猫の寝姿について、気温との関係を調べたドイツの動物学者がいます。
猫の寝る姿勢には、リラックスできているかに加え、気温が大きく関連していると報告されており、
「気温が13℃以下では頭を体にピッタリ潜り込ませて丸くなるが、温度が上がるにつれて猫の体が解けていく。気温が21℃以上になると前脚を前に出して体を伸ばす」と報告されています。

犬や猫が眠るのに快適な環境とは?

クレートは犬猫が大好きな「暗狭」場所

犬や猫の飼い主さんは経験からご存知かもしれませんが、犬や猫は暗くて狭い場所を好みます


クレートはその意味でもまさに暗くて狭い場所。
犬も猫も共通して、日頃からクレートに慣らしておけば、「クレート=安心して眠ることができる場所」と認識するようになります。そうすることで、ペットホテルを利用しなければならない時や、病気で入院しなければならない時などにもストレスを最小限にすることができます。

獣医師アニー
獣医師アニー

緊急時のストレスを軽減するためにも、クレートやキャリーを日常的に使いましょう。

犬猫がよく眠れる、静かで安定した環境を

犬の場合眠りの80%が浅い眠りのノンレム睡眠と説明しましたが、浅い眠りの時間が多い犬や猫。
それゆえ睡眠中も音に敏感です。
車の通りのある窓際や、テレビの近くなどを避け、直射日光やエアコンの風が直接当たらない場所が睡眠に最適な環境と言えます。

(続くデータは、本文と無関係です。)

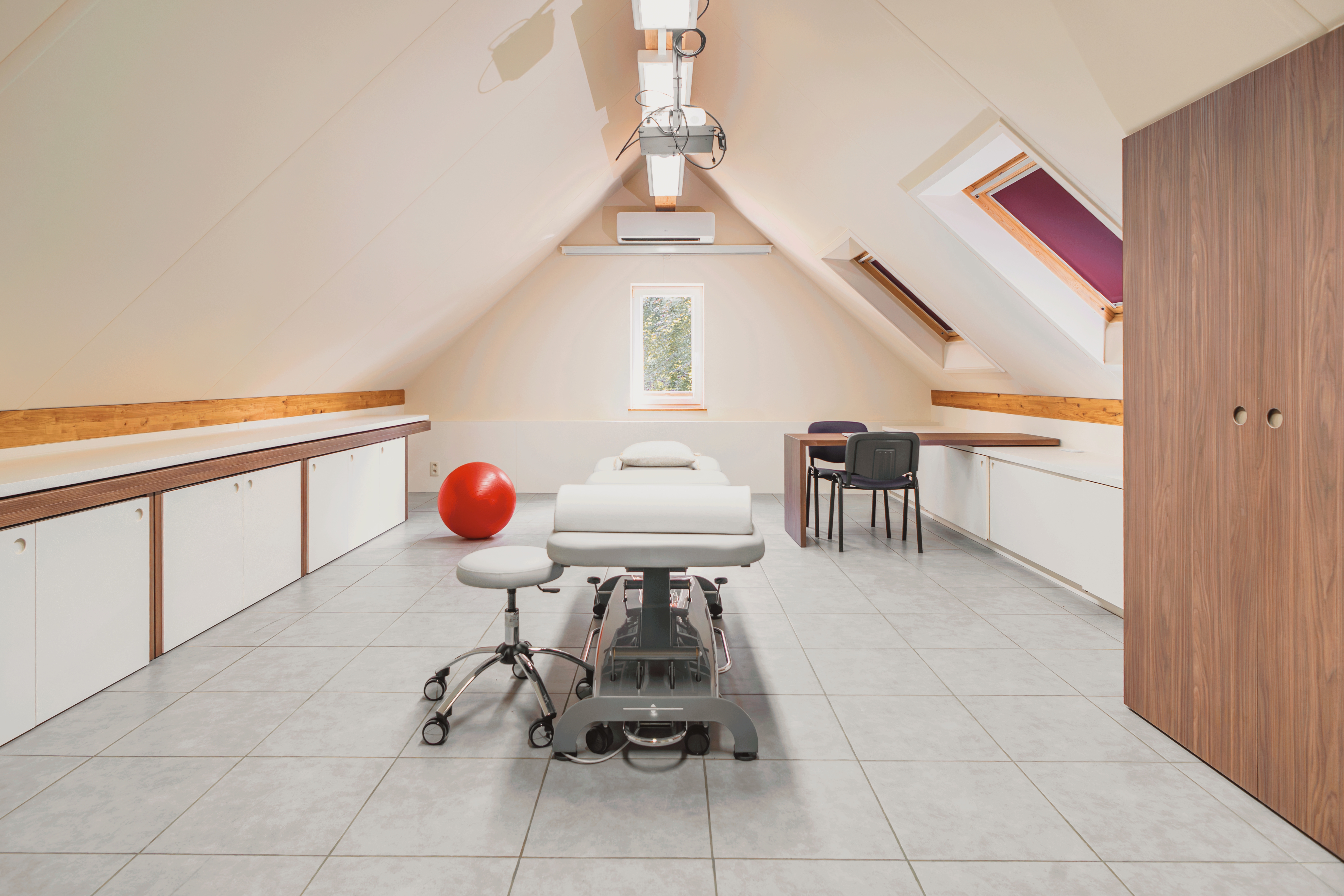 – Le bureau de consultation de kinésithérapie coulisse et se range lui aussi sur le mobilier, libérant l’espace au centre de la pièce.
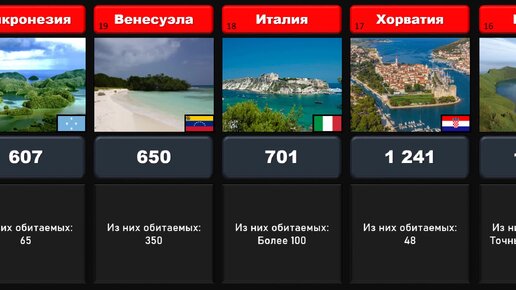 Сравнение стран по количеству островов и сколько из них обитаемы.

犬猫と飼い主さんが一緒に寝るのはお互いの健康に悪影響を及ぼす場合も

愛犬や愛猫が飼い主さんと一緒に寝るのは、お互い寝返りなどの振動で睡眠を中断されてしまい睡眠の質が下がる可能性があります。


また、飼い主さんと一緒でないと眠れないようになってしまうとペットホテルを利用しなければならない時や、病気で入院しなければならない時などストレスとなってしまいます。


飼い主の足元で寝ているような場合には主従関係ができていますが、 飼い主の上や飼い主の枕元で眠るような場合には主従関係が逆転している可能性もあり危険です。


たまに一緒に寝るというのはいいのですが、毎日一緒じゃないと眠れないということにならないように、ケージやクレートで寝る癖をつけることも重要です。

まとめ・睡眠中の様子で体調を確認しましょう

愛犬・愛猫が眠っているのにいびきをかく、途中で起きて夜鳴きをする、いつもと寝る姿勢が違うなど、不眠のサインかもしれません。
また寝ている途中で起きて体を痒がる、咳をするなど病気の症状で睡眠を邪魔されている場合など早めに病院へ相談しましょう。